But we realized two patients could be different in at least three different ways, molecular ways. One, their cancer cells might be different because not every patient's cancer develops in the same way. The second possibility was that the patient's inherited DNA could be different. The third dimension that was tractable is environmental differences. And the most important environmental difference that we also borrowed from the autoimmunity field is the composition of the gut microbiota. We now know that all three of those dimensions, each one is important and studying each one is giving rise to new potential therapeutic interventions to try and push that hot tumor therapeutically. And some of those are entering the clinic as we speak.

Hwu:
Well, you really were one of just a few people that started to highlight the gut microbiome and its role in tumor immunology. And it was interesting. I remember how this happened. You had a finding in your lab that just was very peculiar. You got mice from two different sources and they should have been the identical mice. You just bought 'em from two different places. You're getting opposite results. And instead of just throwing that away like a lot of people do, you figured it out and it happened to be the microbiome. I have a lot of admiration for you because you took a crazy result that made no sense and you figured out something fundamental from that.

Gajewski:
That's actually true. I sort of giggle at ourselves for that too, where, I think you're right, not to make some stereotype of experimental immunologists, but I mean sometimes you'll have just a set of reagents that work, and so you just keep using those. But it was so interesting to us that mice from two different vendors gave either a strong or a weak therapeutic effect of the checkpoint blockade antibodies. And so because of the work in autoimmunity, we just asked whether it was a microbiome effect and it turned out to be true. And fortunately for our experimental future, the good microbiome, when we transferred it into "bad microbiome mice," was therapeutic. So that meant you could, theoretically develop a therapy, an intervention based on microbiome, let's say correction as a way maybe to rescue some patients. And so we studied that in mice. And then because of that possibility of it becoming therapeutically relevant, we started in our tissue sampling, we call it biobanking from patient material.
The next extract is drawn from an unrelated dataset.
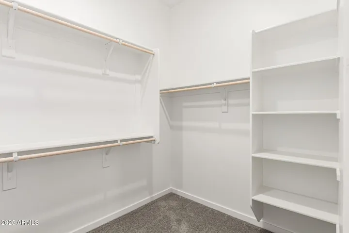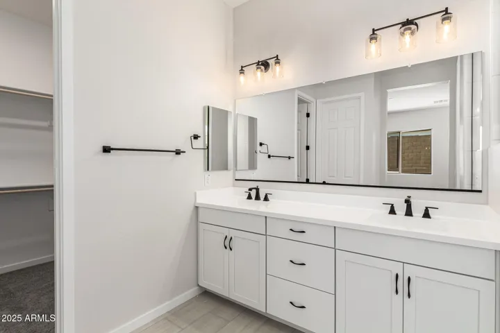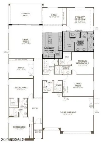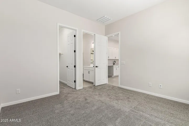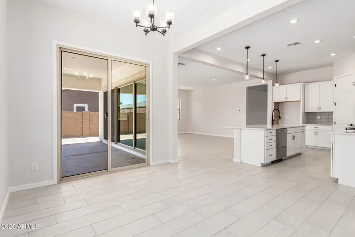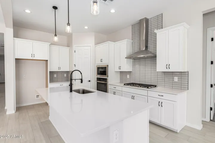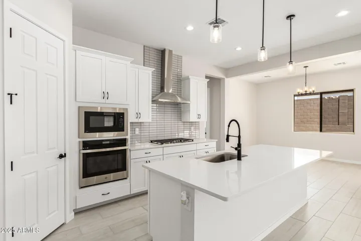 Part of the Modern Living collection, The Darius provides a sophisticated and accommodating ranch-style layout. In addition to a lavish primary suite with a roomy walk-in closet and attached double-sink bath with an upgraded deluxe tile shower-this home includes a second primary suite with an adjacent living room, perfect for multi-generational living. You’ll also enjoy a 3-car garage, a study, a great room with an adjacent covered patio-featuring multi-slider doors, two additional bedrooms that share a jack and jill bathroom, and an inviting gourmet kitchen with a generous island, built-in pantry, 42” white cabinets with matte black pulls, quartz countertops, tile backsplash, GE Plus stainless-steel appliances with chimney hood and 36” gas cooktop and an adjacent dining nook. This home has contemporary square casing throughout, 9 x 35 tile flooring with carpet only in the bedrooms, matte black hardware. lighting and faucet packages throughout, pendant lighting at the kitchen island, and a full wet bar with upper and base cabinets in the guest living room. In addition, 10 ft ceilings, two-tone paint, ceiling fan prewires in the bedrooms, great room, study and covered patio, soft water loop in the garage, laundry sink pre-plumb, garage service door, paver driveway and walkway, front yard landscaping and exterior coach lights are also included. This home is situated on an 8760 square foot lot with a double side gate.
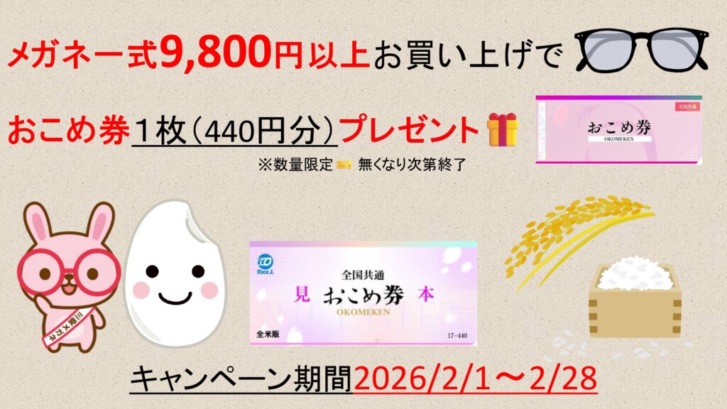 2月のキャンペーンは🌾🎫 2026年2月1日 最終更新日時 : 2026年2月1日 sanaimegane 2月は メガネ一式9,800円以上ご購入で👓✨ おこめ券1枚(440円分)プレゼント!!🌾🎫🎁 ※おこめ券🎫数量限定 無くなり次第終了となります😌 ※おこめ券🎫ご利用方法については ご利用店舗にてご確認をお願い致します😌 Follow me!

We were collecting tumors, blood, serum and germline DNA, etcetera. It turned out to kind of break open the field in this dimension, and we found that patients, melanoma patients who went on to respond to anti-PD1, they had one subset of bacteria enriched in their stool samples, basically, representing their gut. And then there were the non-responder patients had a different set of bacteria entities preferentially enriched. So there was a distinction in the microbiome, and that led to us establishing a whole range of infrastructure elements to be able to look at causality, to determine mechanism, to identify the good and bad bacteria, and then to transition to clinical development of bacteria-based interventions.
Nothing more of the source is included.